Associate Professor of Clinical Investigation
Rockefeller University
Marina Caskey is an Associate Professor of Clinical Investigation at The Rockefeller University. Her research focuses on the development and clinical evaluation of novel immunotherapeutic strategies against infectious diseases, with a special emphasis on HIV. Dr. Caskey graduated from medical school at the Federal University of Sergipe, Brazil, in 1998. She then completed an internal medicine residency at Saint Luke’s Roosevelt Hospital, in New York, followed by fellowship training in infectious diseases at New York Presbyterian-Weill Cornell Medical Center.

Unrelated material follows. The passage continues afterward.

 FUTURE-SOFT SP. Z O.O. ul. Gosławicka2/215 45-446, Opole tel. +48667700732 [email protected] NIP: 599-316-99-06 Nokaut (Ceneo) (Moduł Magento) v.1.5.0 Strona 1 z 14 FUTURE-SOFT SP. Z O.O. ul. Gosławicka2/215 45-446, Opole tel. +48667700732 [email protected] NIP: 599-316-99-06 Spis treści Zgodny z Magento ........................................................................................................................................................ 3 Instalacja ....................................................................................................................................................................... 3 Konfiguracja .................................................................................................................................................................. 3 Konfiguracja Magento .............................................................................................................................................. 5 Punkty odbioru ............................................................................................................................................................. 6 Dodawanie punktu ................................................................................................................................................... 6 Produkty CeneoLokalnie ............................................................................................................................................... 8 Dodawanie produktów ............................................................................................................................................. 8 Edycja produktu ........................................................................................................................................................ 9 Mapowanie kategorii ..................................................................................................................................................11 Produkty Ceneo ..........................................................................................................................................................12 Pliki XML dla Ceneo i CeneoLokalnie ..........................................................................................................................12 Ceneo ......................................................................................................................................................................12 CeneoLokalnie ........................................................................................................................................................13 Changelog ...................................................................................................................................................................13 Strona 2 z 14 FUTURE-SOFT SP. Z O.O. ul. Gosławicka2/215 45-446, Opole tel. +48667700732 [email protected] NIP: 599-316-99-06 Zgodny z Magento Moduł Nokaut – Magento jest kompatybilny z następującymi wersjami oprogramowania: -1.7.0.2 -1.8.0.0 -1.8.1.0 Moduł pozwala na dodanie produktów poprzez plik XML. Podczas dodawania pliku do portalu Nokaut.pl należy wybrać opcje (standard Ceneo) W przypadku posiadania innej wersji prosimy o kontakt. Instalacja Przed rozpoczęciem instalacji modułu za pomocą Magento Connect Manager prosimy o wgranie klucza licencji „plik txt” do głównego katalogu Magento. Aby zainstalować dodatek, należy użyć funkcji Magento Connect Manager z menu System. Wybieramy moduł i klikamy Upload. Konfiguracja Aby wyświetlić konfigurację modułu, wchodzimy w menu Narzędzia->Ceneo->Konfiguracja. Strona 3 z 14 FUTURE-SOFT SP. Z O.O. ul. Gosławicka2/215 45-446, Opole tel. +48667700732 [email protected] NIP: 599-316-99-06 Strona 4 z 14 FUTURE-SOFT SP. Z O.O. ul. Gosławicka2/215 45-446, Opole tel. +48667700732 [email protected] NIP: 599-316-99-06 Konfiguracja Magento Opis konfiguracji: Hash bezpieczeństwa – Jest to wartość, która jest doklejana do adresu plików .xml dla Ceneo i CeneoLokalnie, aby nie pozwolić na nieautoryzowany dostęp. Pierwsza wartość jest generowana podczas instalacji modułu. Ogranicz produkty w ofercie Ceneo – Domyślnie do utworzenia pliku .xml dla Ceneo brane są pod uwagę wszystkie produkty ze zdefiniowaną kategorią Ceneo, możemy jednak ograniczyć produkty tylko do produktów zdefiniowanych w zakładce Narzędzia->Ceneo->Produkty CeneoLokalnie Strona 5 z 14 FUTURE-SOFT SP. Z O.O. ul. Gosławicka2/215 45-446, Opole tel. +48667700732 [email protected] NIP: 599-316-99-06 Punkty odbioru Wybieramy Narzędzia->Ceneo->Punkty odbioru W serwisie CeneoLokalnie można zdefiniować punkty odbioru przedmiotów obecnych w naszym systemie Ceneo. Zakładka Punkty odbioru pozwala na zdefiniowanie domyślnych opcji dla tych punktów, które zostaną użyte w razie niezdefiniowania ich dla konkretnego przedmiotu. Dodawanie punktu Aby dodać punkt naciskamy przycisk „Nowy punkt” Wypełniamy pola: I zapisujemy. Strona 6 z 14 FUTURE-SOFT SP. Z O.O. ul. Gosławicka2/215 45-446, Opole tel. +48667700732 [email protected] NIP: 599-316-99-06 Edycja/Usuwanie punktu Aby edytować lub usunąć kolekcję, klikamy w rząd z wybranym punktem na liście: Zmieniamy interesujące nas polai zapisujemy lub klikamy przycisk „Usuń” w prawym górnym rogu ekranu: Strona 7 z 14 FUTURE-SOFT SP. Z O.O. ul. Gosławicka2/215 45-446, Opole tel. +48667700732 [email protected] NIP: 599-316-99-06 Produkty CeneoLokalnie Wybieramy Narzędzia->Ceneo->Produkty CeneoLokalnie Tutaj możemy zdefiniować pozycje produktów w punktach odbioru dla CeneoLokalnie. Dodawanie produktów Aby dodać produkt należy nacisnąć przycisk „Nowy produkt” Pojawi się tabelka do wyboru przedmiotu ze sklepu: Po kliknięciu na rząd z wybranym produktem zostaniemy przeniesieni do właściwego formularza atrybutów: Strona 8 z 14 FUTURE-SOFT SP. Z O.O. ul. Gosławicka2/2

Despite the success of combination antiretroviral therapy in suppressing viral replication and preventing disease progression, HIV incidence remains high, and current treatment modalities do not eradicate the infection. A new generation of highly potent, broadly neutralizing antibodies may represent a novel strategy to combat HIV infection, potentially providing long-term control of infection, prevention of new infections, and guidance for vaccine development. Dr. Caskey has led a series of early-phase clinical studies to evaluate the safety and efficacy of broadly neutralizing anti-HIV antibodies. These studies have revitalized this area of HIV research, which had been abandoned after first-generation antibodies failed to show significant effects in humans. Broadly neutralizing antibodies are now considered one of the most promising strategies to achieve HIV remission, as well as potential alternatives to antiretrovirals for both therapy and prevention. These studies have shaped this new area of research and several groups in the US and abroad are now studying the antiviral and immune modifying effects of these molecules in combination with other strategies.
She is also an attending physician in infectious diseases at Weill Cornell Medicine and a member of the American Society of Clinical Investigation.